I am currently trying to improve my skills doing epsilon-delta proves and I just attempted the following one. Since I'm such a newbie in calculus I would like to improve learning form my mistakes (lack of rigour...). Any help will be appreciated, thanks in advance.
PS: it looks long but it's actually really easy to follow
Theorem
$\{a_n\}_{n\in\mathbb{N}}$ converges $\iff$ $\{a_n\}_{n\in\mathbb{N}}$ is Cauchy
- My attempt to proof:
$\Rightarrow$:
Converges, thus, $\forall\epsilon>0,\ \exists n_0\in\mathbb{N}: \forall n\ge n_o \Rightarrow\lvert a_n-l\rvert \lt \epsilon/2$
Take $n,m \ge n_0$, then, $\lvert a_n-a_m\rvert \le \lvert a_n-l\rvert +\lvert a_m-l\rvert \lt 2\epsilon/2 = \epsilon$
$\Leftarrow$:
Cauchy: $\forall\epsilon>0,\ \exists n_0\in\mathbb{N}: \forall n,m\ge n_o \Rightarrow\lvert a_n-a_m\rvert \lt \epsilon/3$
First we have to prove that $a_n$ is bounded for every $m, n \ge n_0$: $\lvert a_n\rvert \le \lvert a_n - a_{n_0}\rvert + \lvert a_{n_0}\rvert \lt \epsilon + \lvert a_{n_0}\rvert = M$. Thus, $\lvert a_n\rvert \le M$.
Since its bounded we can define...
- $ \sup(n) = \sup\{a_m: m\ge n\} $
- $ \inf(n) = \inf\{a_m: m\ge n\} $
From the definition, it follows $ 0 \le \sup(n) - \inf(n)$
From the characterization of "supremum" and "infimum" we get that $ \forall \delta\gt 0,\ \forall t_0,\ \exists s, t\ge t_0$ such that...
$\sup(t_0) - \delta/3 \lt a_s$
$\inf(t_0) + \delta/3 \gt a_t$
Let $\delta = \epsilon$, $t_0 = n_0$ and $m, n \ge n_0$. Subtracting the second equation to the first one: $\sup(n_0) - \inf(n_0) - 2\epsilon/3\lt a_n - a_m \le \lvert a_n-a_m\rvert \lt \epsilon/3 \Rightarrow \sup(n_0) - \inf(n_0) - 2\epsilon/3 \lt \epsilon/3 \Rightarrow 0 \stackrel{\text{seen above}}{\le} \sup(n_0) - \inf(n_0) \lt \epsilon$ (note that this is not true in general but our hypothesis guarantees that this happens)
This implies that $\lim_{n\to \infty } \sup(n) - \inf(n) = 0$
Now, since $\{\sup(n)\}_{n\in \mathbb{N}}$ is decreasing and bounded below, it converges (and its limit exists).

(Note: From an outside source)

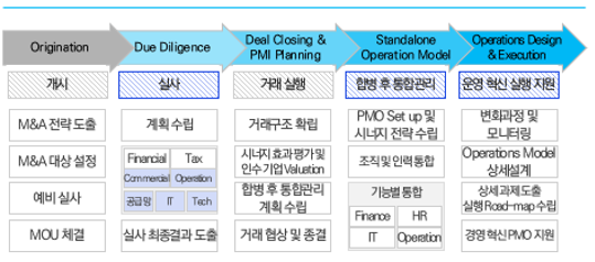 - Deal Advisory 와 협업을 통해 실사, 인수자문, PMI 및 T/A 까지 One-Stop 서비스 가능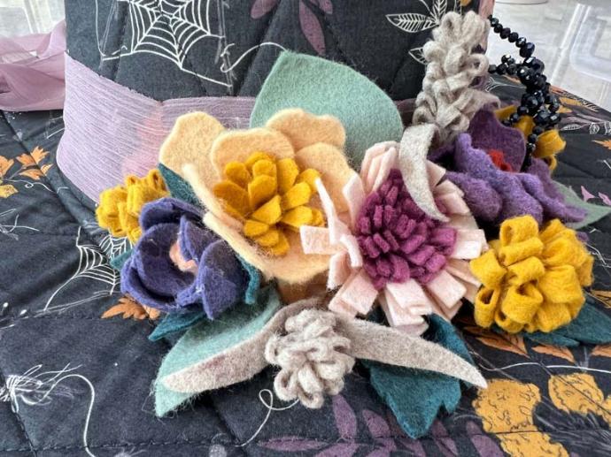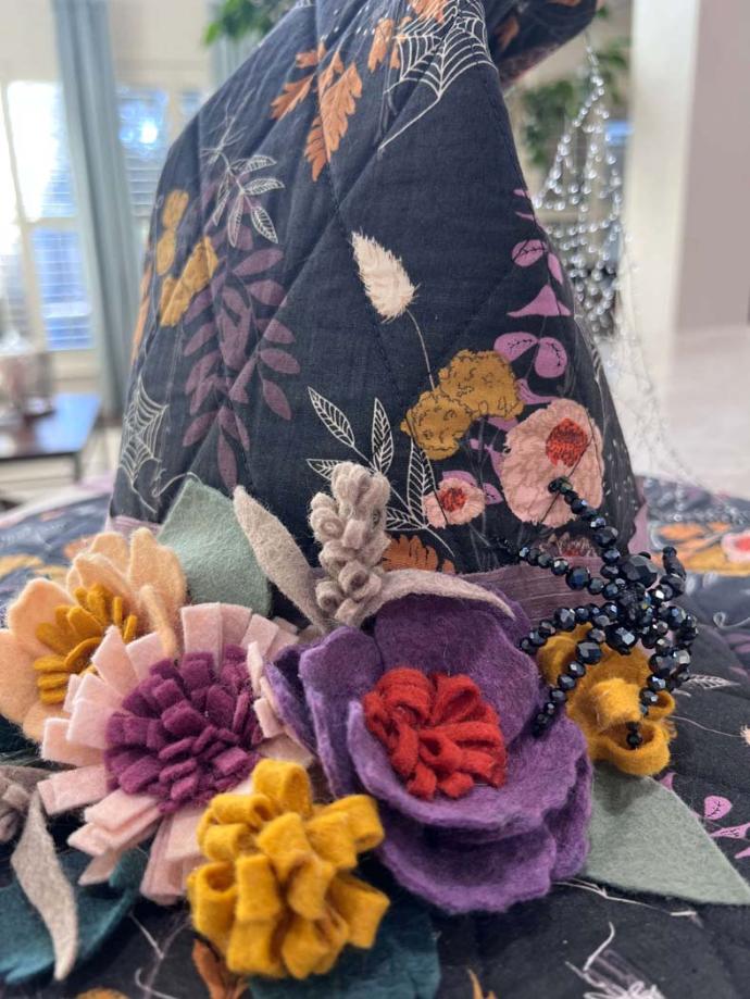 THEIR STORY: This hat is an amalgam of Quilted Witch’s Hat by Sew a Story and Wende Witch Hat by By the Bay Co. with a lot of modifications using techniques I learned making By Annie bags. I substituted By Annie Soft and Stable for traditional quilt batting so that the hat would have structure. The spiderweb and beaded spider were inspired by @threadhandedjill and the felt flowers patterns by @resacurbocreative

Decreasing: since $\{a_m: m\ge n+1\} \subseteq \{a_m: m\ge n\} \Rightarrow \sup(n) = \sup\{a_m: m\ge n\} \ge \sup(n+1) = \sup\{a_m: m\ge n+1\}$
Bounded below: As we saw before, $\lvert a_n\rvert \lt M \iff -M \lt a_n \lt M \Rightarrow - M \lt a_n \le \sup(n)$
Similarly we can prove that $\{\inf(n)\}_{n\in \mathbb{N}}$ is increasing and bounded above, so it converges too (and its limit exists).
So, we can conclude that $0 = \lim_{n\to \infty } \sup(n) - \inf(n) \stackrel{\text{both converge}}{=} \lim_{n\to \infty } \sup(n) - \lim_{n\to \infty } \inf(n)$. Let's define $L = \lim_{n\to \infty } \sup(n) = \lim_{n\to \infty } \inf(n)$
From the definition of "sup" and "inf" we get that: $\inf(n) \le a_n \le \sup(n)$
And we also know that: $L = \lim_{n\to \infty } \sup(n) = \lim_{n\to \infty } \inf(n)$
By squeeze theorem:
$\exists \lim_{n\to \infty } a_n \iff \{a_n\}_{n\in\mathbb{N}}$ converges (QED)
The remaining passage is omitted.